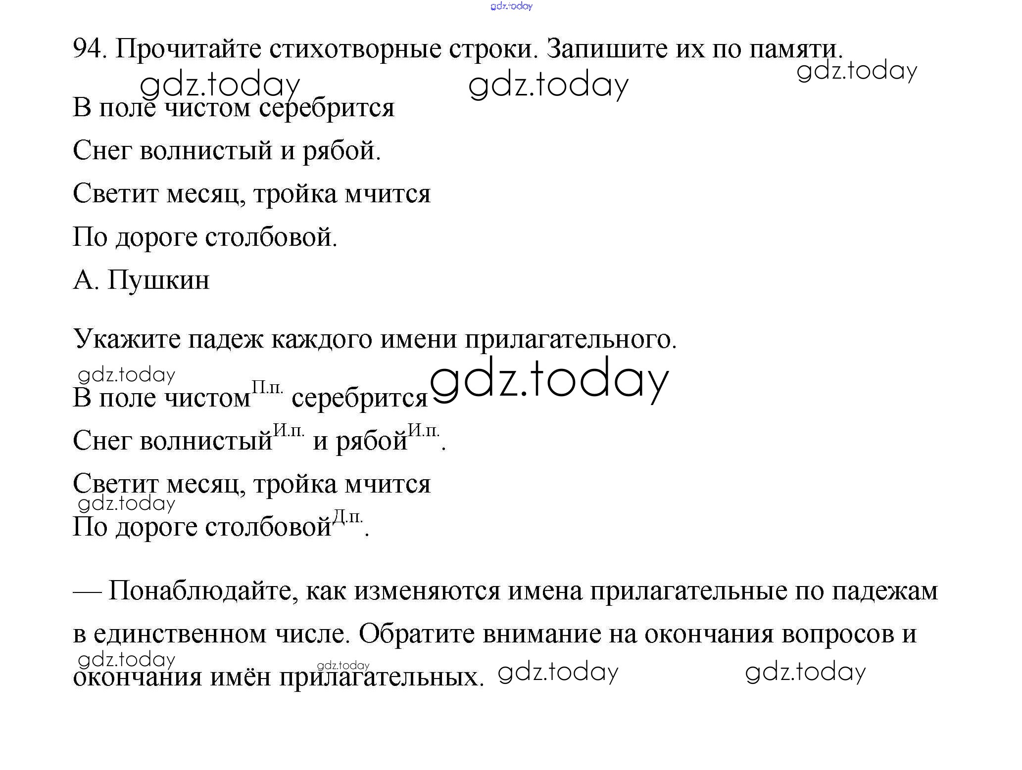На страницах сайта gdz.today вы найдете учебный и вспомогательный материал, направленный на улучшения знаний школьной программы. ГДЗ - онлайн мир знаний Решение к части 2 94 Учебнику по Русскому языку для 4 класса Климанова, Бабушкина Просвещение Перспектива 2014
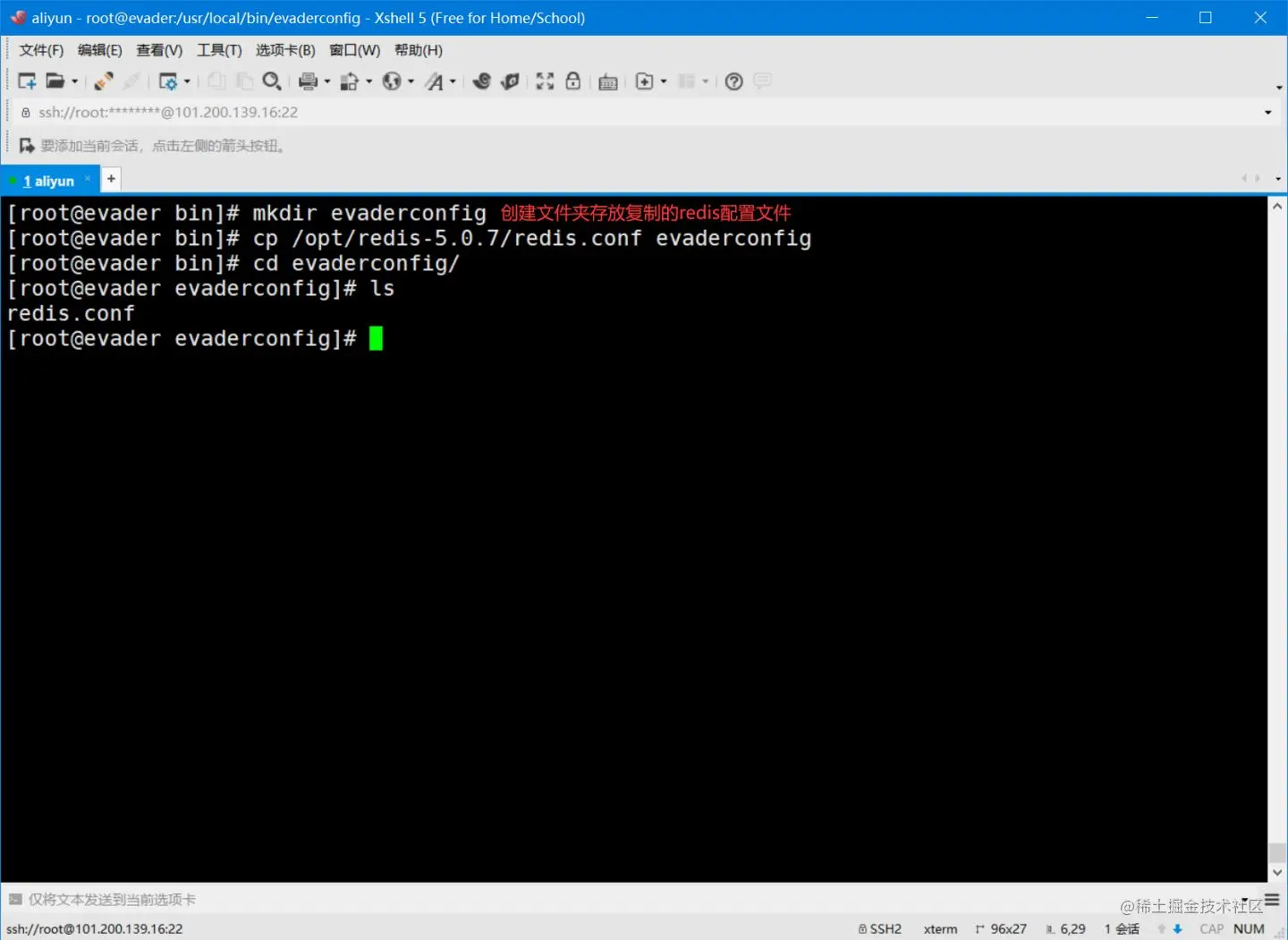 - 将redis的配置文件从安装目录复制到程序目录下(不改变原来的配置文件,方便自己修改配置文件出错后使用)
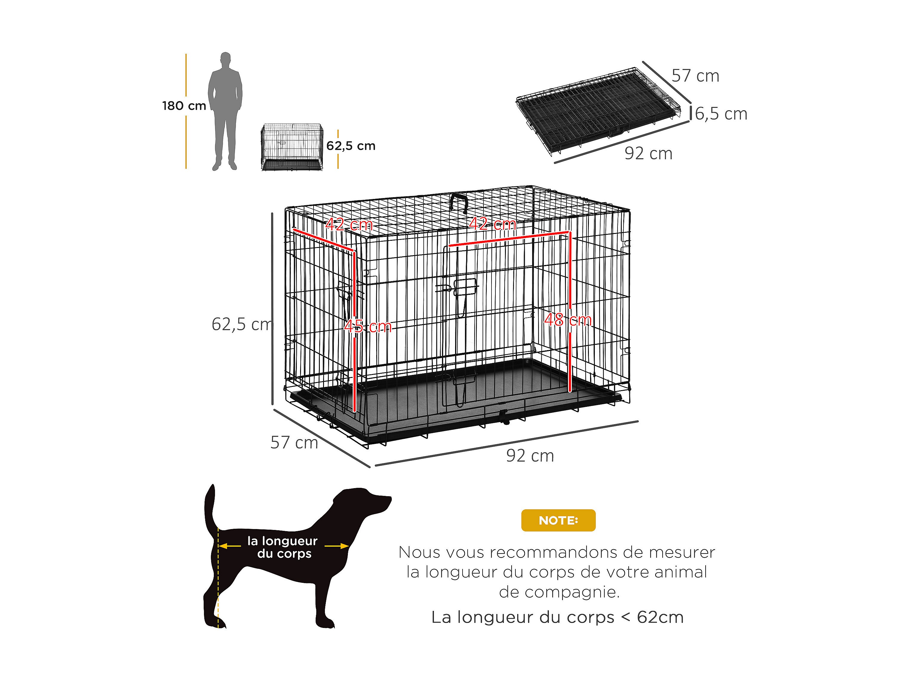 Cage pour chien animaux cage de transport sur roulettes pliable 3 portes verrouillables plateau amovible acier noir
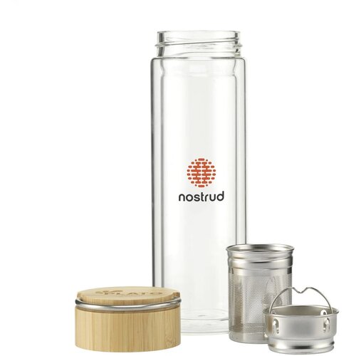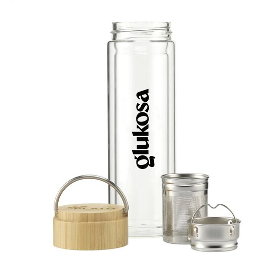 De Bamboe waterfles met infuser (300 ml) is een stijlvolle en duurzame keuze voor iedere theeliefhebber. De fles is dubbelwandig en gemaakt van helder borosilicaatglas, wat zorgt voor extra stevigheid. Hij wordt geleverd met een roestvrijstalen infuser en theezeef, zodat je jouw favoriete losse thee overal kunt zetten. De bamboe schroefdop heeft een stevige roestvrijstalen draagbeugel en is 100% lekvrij. De Bamboe waterfles met infuser (300 ml) kan rondom bedrukt worden of kies voor een gravure op de dop. Onze waterflessen met logo zijn perfect als persoonlijk relatiegeschenk voor elke gelegenheid!
● ● ●
:: Task prompt ::
With the pictures left out, return the listing above exactly as it stands.

:: Written response ::
На страницах сайта gdz.today вы найдете учебный и вспомогательный материал, направленный на улучшения знаний школьной программы. ГДЗ - онлайн мир знаний Решение к части 2 94 Учебнику по Русскому языку для 4 класса Климанова, Бабушкина Просвещение Перспектива 2014
 - 将redis的配置文件从安装目录复制到程序目录下(不改变原来的配置文件,方便自己修改配置文件出错后使用)
 Cage pour chien animaux cage de transport sur roulettes pliable 3 portes verrouillables plateau amovible acier noir
 De Bamboe waterfles met infuser (300 ml) is een stijlvolle en duurzame keuze voor iedere theeliefhebber. De fles is dubbelwandig en gemaakt van helder borosilicaatglas, wat zorgt voor extra stevigheid. Hij wordt geleverd met een roestvrijstalen infuser en theezeef, zodat je jouw favoriete losse thee overal kunt zetten. De bamboe schroefdop heeft een stevige roestvrijstalen draagbeugel en is 100% lekvrij. De Bamboe waterfles met infuser (300 ml) kan rondom bedrukt worden of kies voor een gravure op de dop. Onze waterflessen met logo zijn perfect als persoonlijk relatiegeschenk voor elke gelegenheid!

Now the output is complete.